Credits

I would like to give credit where credit is due. Videos are from YouTube and other sources such as NicoNico while Oricon rankings and other information are translated from the Japanese Wikipedia unless noted.

Friday, December 21, 2018

Seiko Matsuda -- Glass no Prism(硝子のプリズム)



Following my trip downtown for Xmas shopping on what has been called the busiest shopping day of the year (actually, getting there at 11am meant that there was very little wait for the cashier...ha, ha), I was still plenty pooped, especially after engorging enjoying a juicy and buttery Porcetta Cubano sandwich down at the St. Lawrence Market. I just decided to not bother with any other translation work and plopped myself down on the bed and watched Turner Movie Classics.

Yep, watching old movies is a hobby of mine, although not nearly as big as my love for kayo kyoku. I managed to catch this 1939 flick called "The Ice Follies of 1939" starring James Stewart and Joan Crawford. This was intriguing for me since I hadn't even heard of Jimmy and Joan in a flick together. Well, I later found out tonight that the movie hadn't been particularly well-reviewed then and even now. Basically, there were words such as terrible.

Well, perhaps the two stars probably wished that no one had ever heard of this one either. Nope, I didn't think it was all that great which made the movie all the more curious since I've been accustomed to seeing those two and Lew Ayres in pretty good-to-legendary pics. In a way, I would compare it to Hollywood's attempt at the superhero movie "Green Lantern". That movie suffered badly from not knowing what it wanted to be...something fairly comedic like "Ant Man" or a straight-ahead adventure with an epic villain like "Spiderman 2". "The Ice Follies of 1939" had some pretty discordant scenes of darkness and madcap comedy, plus a surprise to me in that the last 10 minutes (the above scene) of the movie were filmed in Technicolor a la "The Wizard of Oz", which was also released in the same year.

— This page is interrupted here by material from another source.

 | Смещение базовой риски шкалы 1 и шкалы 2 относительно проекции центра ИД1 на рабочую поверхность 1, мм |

All that preamble with that cinematic analogy to explain my feelings for this Seiko Matsuda(松田聖子)song "Glass no Prism" (Glass Prism). As with Stewart and Crawford, I have known the Queen Aidoru of the early 1980s for decades along with her biggest hits, and as with "The Ice Follies of 1939", I had never heard of this song until a few months ago despite the star behind the mike.

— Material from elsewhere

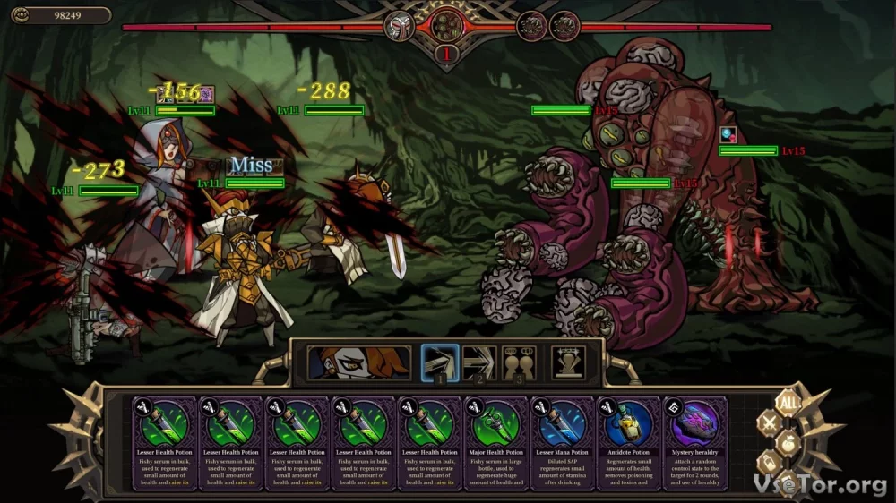 - Геймплей разделен на тактические пошаговые сражения с монстрами, исследование окружающего мира и ролевую составляющую с прокачкой героев и наемом новых бойцов.

Very happily, my reaction was much more positive to this lovely song which was the B-side to Seiko-chan's 18th single from August 1984, "Pink no Mozart"(ピンクのモーツァルト). The reason that I had never heard of this was that along with the fact that I had never purchased the single, "Glass no Prism" never showed up on any original album and appeared only on her BEST compilations. It was just my misfortune that it hadn't been included in the BEST albums that I do possess.

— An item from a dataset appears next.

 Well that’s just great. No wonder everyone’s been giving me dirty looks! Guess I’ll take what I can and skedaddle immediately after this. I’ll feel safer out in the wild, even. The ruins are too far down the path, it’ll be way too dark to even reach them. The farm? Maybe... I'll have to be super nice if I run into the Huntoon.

As with the perky "Pink no Mozart", "Glass no Prism" was created by a couple of vets from the band Happy End, Takashi Matsumoto and Haruomi Hosono(松本隆・細野晴臣), and like it, it has this really quirky and appealing arrangement of its own, thanks to Masataka Matsutoya(松任谷正隆). Starting with this ethereal and poppy chorus and this music partly seasoned with sax that seems to propose something wonderful coming over the horizon, Seiko-chan sings this bouncy tune as if it were something for Christmas in a toy store. Then the string-led refrain sweeps in with great tidings like a brisk and refreshing wind. The lyrics are one girl's musings about this love triangle (the prism) that is forming with her as one of the "corners", and it sounds like she's relishing the situation. However for me, it's all about that arrangement.

Will always cherish digging away at the history of Japanese popular music and discovering something old that is new to me again and again.